In het ontwerp voor dit gebied, gelegen aan de rand van de stad, zijn ‘binnenstedelijke’ strategieën toegepast: een maximale menging van functies, helder gedefinieerde openbare ruimtes en zo veel mogelijk voordeuren aan de straat. Terwijl scholen meestal als geïsoleerde, monofunctionele volumes vrij in het groen worden gezet, is er hier naar gestreefd om ze juist te integreren in een stedenbouwkundig patroon en ze te vermengen met andere functies. De scholen zijn gesitueerd langs de straten en rond het centrale plein, waar ook de winkels, woningen en kantoren liggen.


Menselijke maat

De schaalvergroting in het onderwijs heeft geleid tot anonieme scholen met duizenden leerlingen, waar een gebrek is aan sociale controle. In het plan voor Leerpark is geprobeerd dit te voorkomen door de grootschalige schoolgebouwen op te delen in kleinere eenheden met eigen ingangen. Het centrale plein, waar ook woongebouwen en bedrijfsgebouwen omheen liggen, is tevens het schoolplein.

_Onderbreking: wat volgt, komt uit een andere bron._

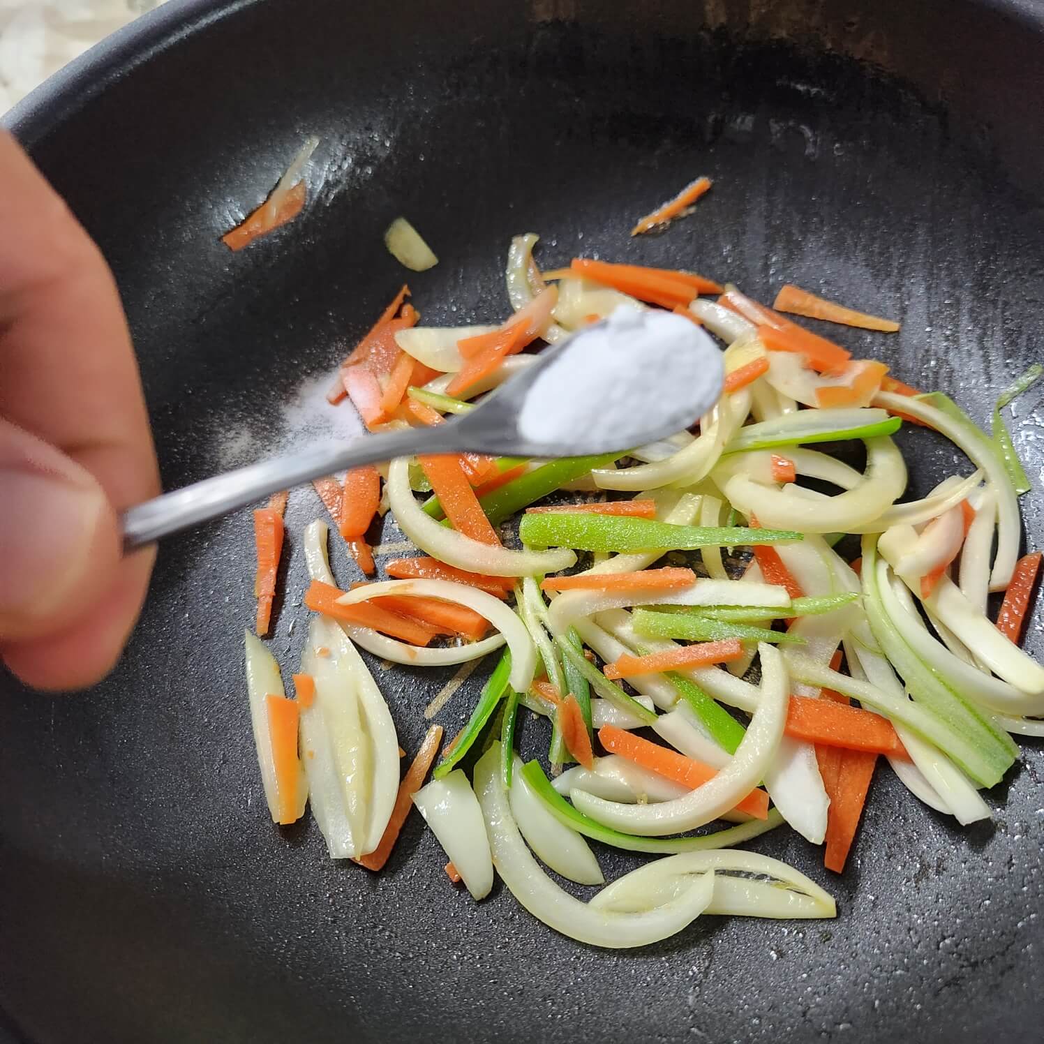 👉티스푼으로 소금 2개 넣고 볶아준다.

Door weer bewuster contact te leggen tussen de scholen en het openbare gebied zal ook de sociale veiligheid toenemen.



Leefhuis en Werkhuis

Binnen het stedenbouwkundig plan neemt het ontwerp van het ROC Da Vinci College een prominente plaats in. In het ontwerp is afscheid genomen van het traditionele grootschalige schoolconcept. De introductie van begrippen als ‘leefhuis’ en ‘werkhuis’ zorgt voor een kleine maat en geeft de school veel meer intimiteit. Het nieuwe Da Vinci college is geen anoniem gebouw met één voordeur.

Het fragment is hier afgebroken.